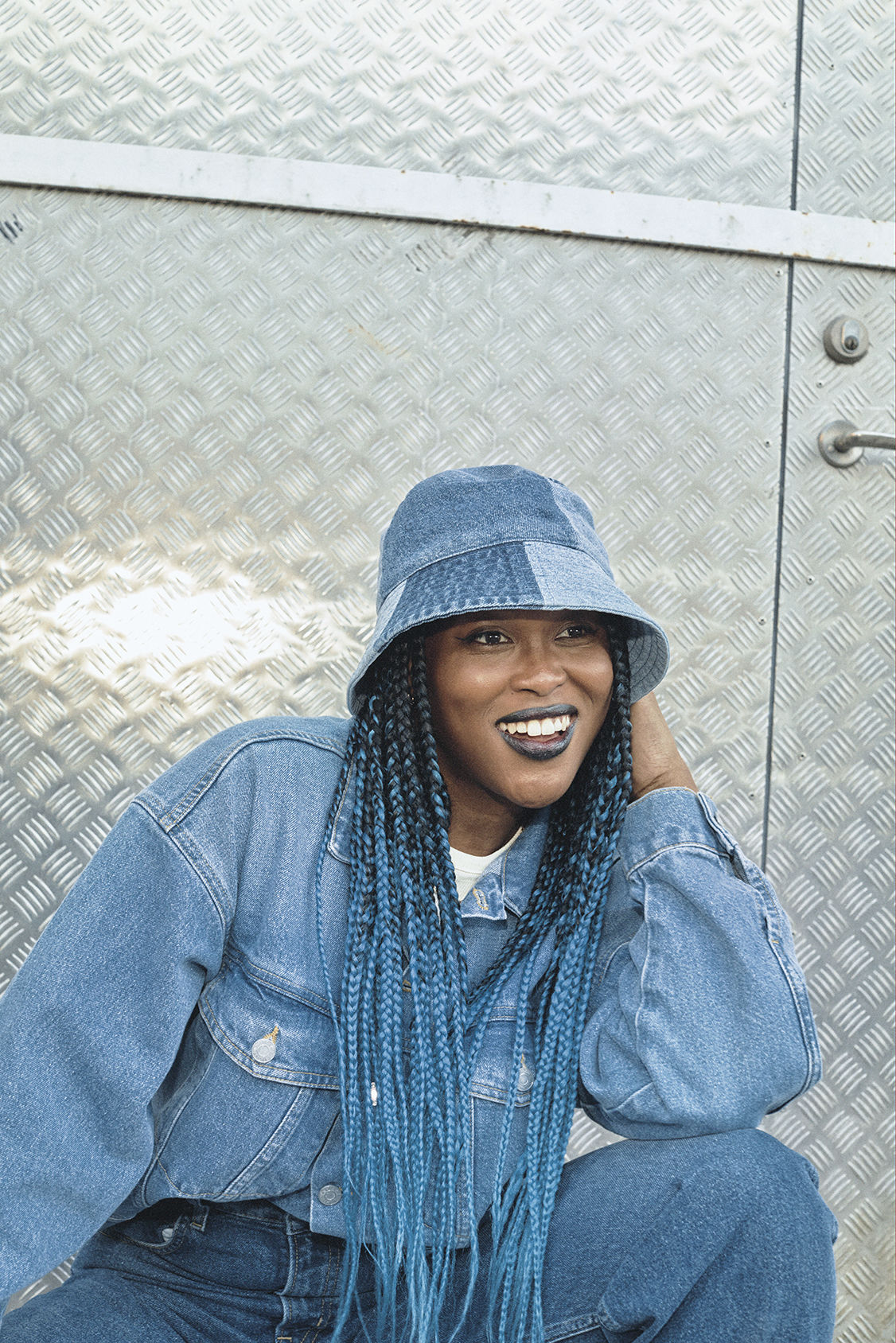 H&M’s Recycled Denim Collection currently features women’s styles only, including baggy jeans, denim jackets, shirt jackets, straight jeans, and two accessories: a denim shopper bag and bucket hat. Pieces are available in black and medium and dark blue washes. Inspired by ‘90s fashion, the silhouettes are loose and many feature a patchwork design.
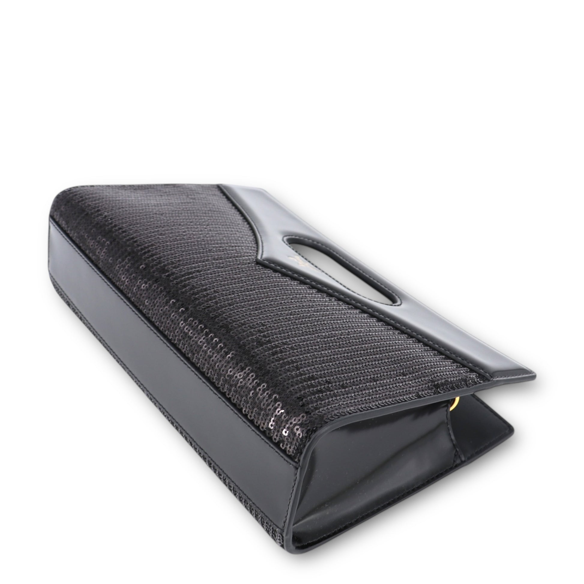Gefertigt aus feinstem schwarzem Lammleder, überzeugt die Tasche durch ihre besonders weiche, geschmeidige Haptik und ihre hochwertige Anmutung. Die Front ist kunstvoll mit einem Paillettenbesatz versehen, der bei jeder Bewegung subtil funkelt und der Tasche einen edlen, glamourösen Charakter verleiht – perfekt für Abendveranstaltungen, Dinner oder besondere Anlässe.
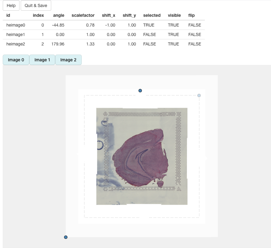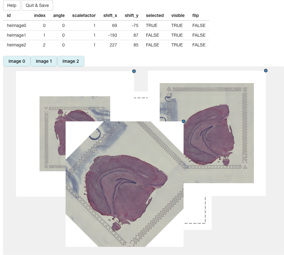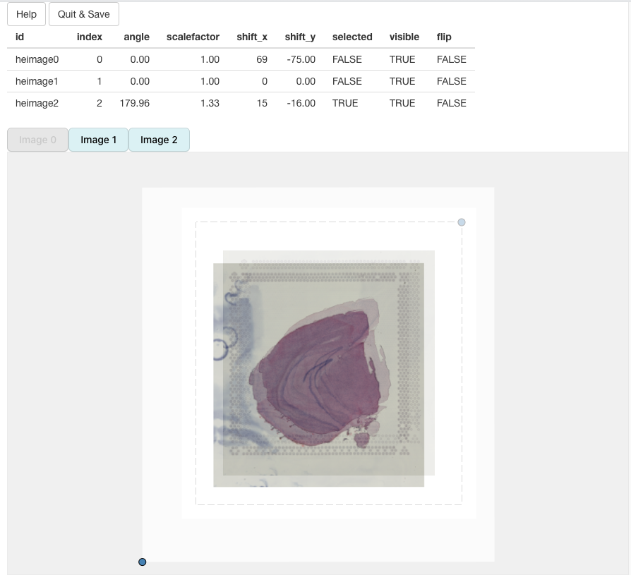 In the end, we should be able to get a decent alignment of the three H&E images. The table on top of the alignment panel shows the transformations that have been applied:
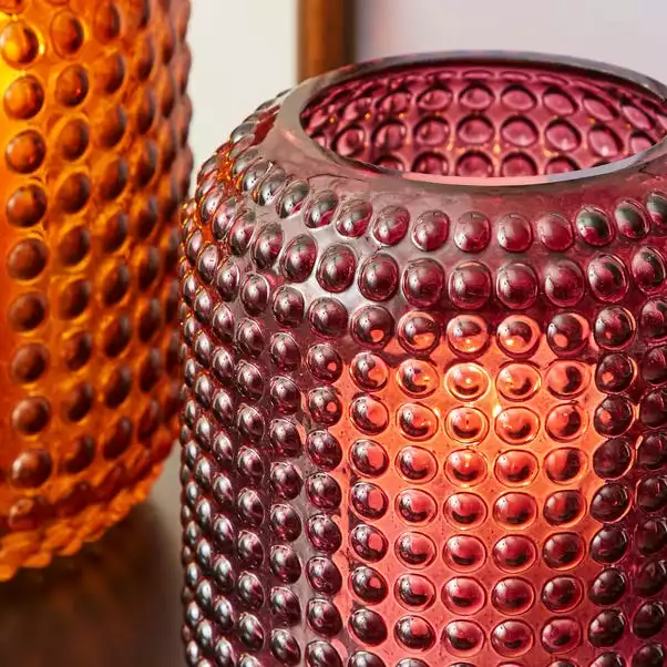 Crafted with a simple retro design with a beautiful amber colouring , this stunning large vase would make a striking addition to any home décor. Elegantly crafted with a stunning bobbled design, this vessel is perfect for use as a vase or a tealight holder and is easy to wipe clean.

EXERCISE AIM: Please ensure that the data above is repeated exactly, with no pictures in the copy.

RESPONSE AREA:
 H&M’s Recycled Denim Collection currently features women’s styles only, including baggy jeans, denim jackets, shirt jackets, straight jeans, and two accessories: a denim shopper bag and bucket hat. Pieces are available in black and medium and dark blue washes. Inspired by ‘90s fashion, the silhouettes are loose and many feature a patchwork design.
Gefertigt aus feinstem schwarzem Lammleder, überzeugt die Tasche durch ihre besonders weiche, geschmeidige Haptik und ihre hochwertige Anmutung. Die Front ist kunstvoll mit einem Paillettenbesatz versehen, der bei jeder Bewegung subtil funkelt und der Tasche einen edlen, glamourösen Charakter verleiht – perfekt für Abendveranstaltungen, Dinner oder besondere Anlässe.
 In the end, we should be able to get a decent alignment of the three H&E images. The table on top of the alignment panel shows the transformations that have been applied:
 Crafted with a simple retro design with a beautiful amber colouring , this stunning large vase would make a striking addition to any home décor. Elegantly crafted with a stunning bobbled design, this vessel is perfect for use as a vase or a tealight holder and is easy to wipe clean.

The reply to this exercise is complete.